Fokus der Arbeit sind Überlegungen von Georg Stenger, die durch Gedanken von Lévinas und Wadenfels ergänzt werden. Vor allem Wadenfels hat sich ausgiebig mit der Fremderfahrung auseinandergesetzt. Zum Schluss sollen die gesammelten Erkenntnisse dazu dienen, eine bessere Unterscheidung zwischen Fremdem und Anderem herausbilden zu können.

Die Fremderfahrung als phänomenologisches Thema ist relativ gut durchleuchtet. Husserl legte hierzu den Grundstein mit seiner 5. Cartesianischen Meditation. Weitere Überlegungen steuerten beispielsweise Sartre und Merleau-Ponty bei. Jedoch gibt es wenig phänomenologische Erkenntnisse zur Unterscheidung zwischen Fremdem und Anderem.

Leseprobe

Inhaltsverzeichnis

1. Einführung

2. Das Andere bei Lévinas

3. Fremderfahrung nach Wadenfels

4. Fremderfahrung nach Stenger

5. Fremdes und Anderes – Unterschiede

6. Kritische Würdigung

II. Literaturverzeichnis

1. Einführung

Die Fremderfahrung als phänomenologisches Thema ist relativ gut durchleuchtet. Husserl legte hierzu den Grundstein mit seiner 5. Cartesianischen Meditation. Weitere Überlegungen steuerten beispielsweise Sartre und Merleau-Ponty bei. Jedoch gibt es wenig phänomenologische Erkenntnisse zur Unterscheidung zwischen Fremdem und Anderem.

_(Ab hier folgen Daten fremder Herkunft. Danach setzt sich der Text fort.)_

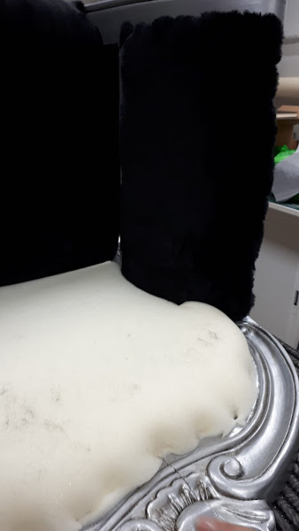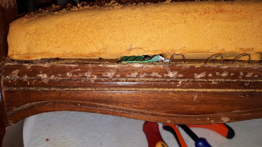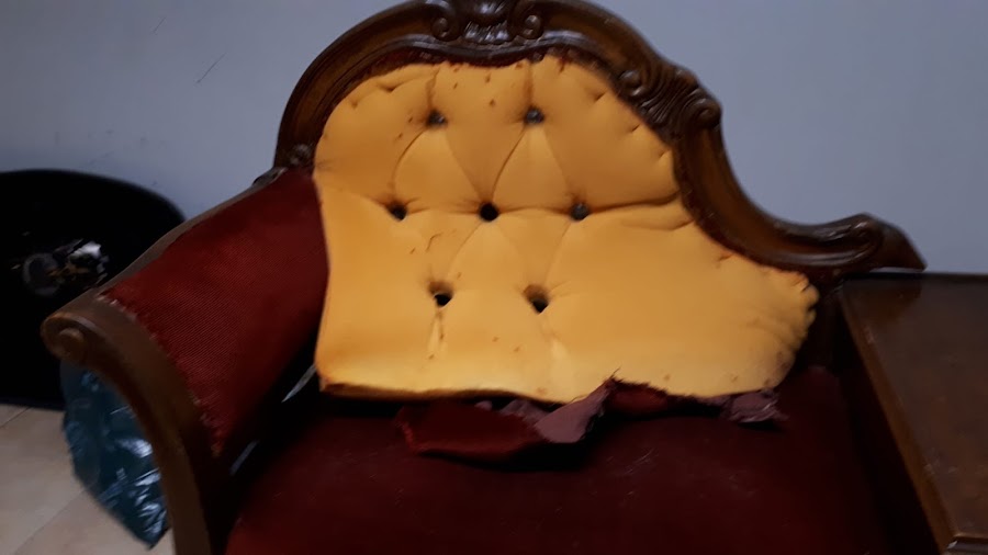En primer lugar destapizar completamente ya que la tela está muy deteriorada y la espuma aplastada.

Fokus der Arbeit sind Überlegungen von Georg Stenger, die durch Gedanken von Lévinas und Wadenfels ergänzt werden. Vor allem Wadenfels hat sich ausgiebig mit der Fremderfahrung auseinandergesetzt. Zum Schluss sollen die gesammelten Erkenntnisse dazu dienen, eine bessere Unterscheidung zwischen Fremdem und Anderem herausbilden zu können.

2. Das Andere bei Lévinas

Ziel dieses Kapitels ist die Herausarbeitung zentraler Momente des Anderen bei Lévinas, die später der Unterscheidung zwischen Fremdem und Anderem dienen soll. Im Mittelpunkt stehen folgende Begriffe: Alterität, Antlitz, Unendlichkeit, Andere, Asymmetrie.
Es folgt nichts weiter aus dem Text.